AVAILABLE DATA:
____

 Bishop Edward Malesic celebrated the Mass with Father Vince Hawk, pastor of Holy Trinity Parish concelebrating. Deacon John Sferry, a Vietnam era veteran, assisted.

____

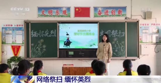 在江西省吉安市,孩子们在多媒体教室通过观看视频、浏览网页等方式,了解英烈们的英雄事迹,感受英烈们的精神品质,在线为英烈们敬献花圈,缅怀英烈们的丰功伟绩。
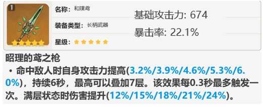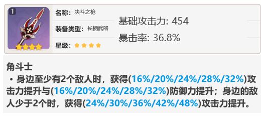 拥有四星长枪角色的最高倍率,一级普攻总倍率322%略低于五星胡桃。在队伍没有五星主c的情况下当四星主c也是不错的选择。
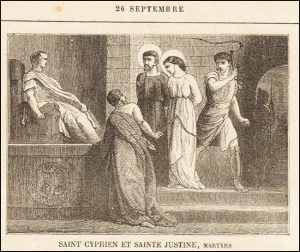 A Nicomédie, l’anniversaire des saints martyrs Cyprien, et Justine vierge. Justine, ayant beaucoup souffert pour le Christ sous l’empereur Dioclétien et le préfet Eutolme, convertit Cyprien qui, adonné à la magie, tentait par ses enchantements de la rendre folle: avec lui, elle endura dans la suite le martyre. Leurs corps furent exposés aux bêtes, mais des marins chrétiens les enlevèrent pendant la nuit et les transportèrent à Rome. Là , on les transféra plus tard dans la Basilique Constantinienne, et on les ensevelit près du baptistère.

____

REQUIREMENT:
Start with the line above containing "拥有四星长枪角色的最高倍率,一级普攻总倍" and end with the line containing "A Nicomédie, l’anniversaire". Set down that stretch exactly, without any pictures.

EXERCISE RESULT:
 拥有四星长枪角色的最高倍率,一级普攻总倍率322%略低于五星胡桃。在队伍没有五星主c的情况下当四星主c也是不错的选择。
 A Nicomédie, l’anniversaire des saints martyrs Cyprien, et Justine vierge. Justine, ayant beaucoup souffert pour le Christ sous l’empereur Dioclétien et le préfet Eutolme, convertit Cyprien qui, adonné à la magie, tentait par ses enchantements de la rendre folle: avec lui, elle endura dans la suite le martyre. Leurs corps furent exposés aux bêtes, mais des marins chrétiens les enlevèrent pendant la nuit et les transportèrent à Rome. Là , on les transféra plus tard dans la Basilique Constantinienne, et on les ensevelit près du baptistère.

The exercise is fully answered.